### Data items
◆ ◆ ◆ ◆ ◆ ◆ ◆
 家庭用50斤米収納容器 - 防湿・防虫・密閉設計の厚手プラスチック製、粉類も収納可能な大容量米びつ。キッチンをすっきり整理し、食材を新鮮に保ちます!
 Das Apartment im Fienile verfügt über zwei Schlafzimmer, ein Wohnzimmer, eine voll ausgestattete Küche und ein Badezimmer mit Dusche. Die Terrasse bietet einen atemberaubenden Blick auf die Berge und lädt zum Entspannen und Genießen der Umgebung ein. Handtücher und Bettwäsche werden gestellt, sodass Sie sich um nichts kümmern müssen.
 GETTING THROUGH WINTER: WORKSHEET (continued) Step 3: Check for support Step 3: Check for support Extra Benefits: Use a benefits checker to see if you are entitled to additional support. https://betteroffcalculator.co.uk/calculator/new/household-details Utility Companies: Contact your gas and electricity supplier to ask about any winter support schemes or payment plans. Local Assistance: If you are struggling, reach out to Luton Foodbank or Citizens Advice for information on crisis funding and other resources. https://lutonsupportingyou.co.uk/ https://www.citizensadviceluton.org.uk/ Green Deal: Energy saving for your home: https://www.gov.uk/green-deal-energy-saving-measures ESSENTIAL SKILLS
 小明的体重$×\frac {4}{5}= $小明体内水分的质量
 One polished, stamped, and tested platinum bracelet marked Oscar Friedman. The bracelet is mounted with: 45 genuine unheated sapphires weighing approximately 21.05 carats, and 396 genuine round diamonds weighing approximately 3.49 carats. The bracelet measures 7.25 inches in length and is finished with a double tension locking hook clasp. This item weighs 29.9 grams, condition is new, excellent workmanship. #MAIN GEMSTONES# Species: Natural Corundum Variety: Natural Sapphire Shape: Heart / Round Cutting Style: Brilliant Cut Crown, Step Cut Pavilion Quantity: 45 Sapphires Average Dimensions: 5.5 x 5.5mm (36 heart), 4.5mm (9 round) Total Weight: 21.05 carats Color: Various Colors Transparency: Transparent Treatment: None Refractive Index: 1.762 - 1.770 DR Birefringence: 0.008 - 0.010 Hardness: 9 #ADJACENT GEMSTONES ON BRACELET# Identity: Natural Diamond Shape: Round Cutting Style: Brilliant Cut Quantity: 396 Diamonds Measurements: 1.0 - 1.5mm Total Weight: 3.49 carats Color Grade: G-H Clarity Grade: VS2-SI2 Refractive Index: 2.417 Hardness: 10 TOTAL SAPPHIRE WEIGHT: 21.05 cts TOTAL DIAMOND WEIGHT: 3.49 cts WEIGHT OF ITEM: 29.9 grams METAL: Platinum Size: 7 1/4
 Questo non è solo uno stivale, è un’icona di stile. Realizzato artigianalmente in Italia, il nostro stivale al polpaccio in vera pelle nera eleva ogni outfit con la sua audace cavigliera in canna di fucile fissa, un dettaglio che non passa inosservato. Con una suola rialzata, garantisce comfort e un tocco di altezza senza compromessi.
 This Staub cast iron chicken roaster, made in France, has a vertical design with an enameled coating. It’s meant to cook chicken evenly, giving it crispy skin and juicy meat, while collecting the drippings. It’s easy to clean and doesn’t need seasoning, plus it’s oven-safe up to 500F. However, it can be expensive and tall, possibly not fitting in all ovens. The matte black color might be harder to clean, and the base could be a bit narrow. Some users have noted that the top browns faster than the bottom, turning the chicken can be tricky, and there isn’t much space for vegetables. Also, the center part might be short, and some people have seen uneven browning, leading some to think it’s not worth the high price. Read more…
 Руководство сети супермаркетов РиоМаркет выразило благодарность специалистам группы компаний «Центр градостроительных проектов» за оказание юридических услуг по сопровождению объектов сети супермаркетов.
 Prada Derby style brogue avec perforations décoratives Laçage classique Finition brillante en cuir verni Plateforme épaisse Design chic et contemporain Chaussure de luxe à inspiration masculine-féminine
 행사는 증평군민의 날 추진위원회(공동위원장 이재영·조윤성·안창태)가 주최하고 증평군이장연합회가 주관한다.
◆ ◆ ◆ ◆ ◆ ◆ ◆
### The problem
Between the first line of the entries above and the line with "Das Apartment im", both included, copy every line exactly and nothing outside that range.

### Written solution
 家庭用50斤米収納容器 - 防湿・防虫・密閉設計の厚手プラスチック製、粉類も収納可能な大容量米びつ。キッチンをすっきり整理し、食材を新鮮に保ちます!
 Das Apartment im Fienile verfügt über zwei Schlafzimmer, ein Wohnzimmer, eine voll ausgestattete Küche und ein Badezimmer mit Dusche. Die Terrasse bietet einen atemberaubenden Blick auf die Berge und lädt zum Entspannen und Genießen der Umgebung ein. Handtücher und Bettwäsche werden gestellt, sodass Sie sich um nichts kümmern müssen.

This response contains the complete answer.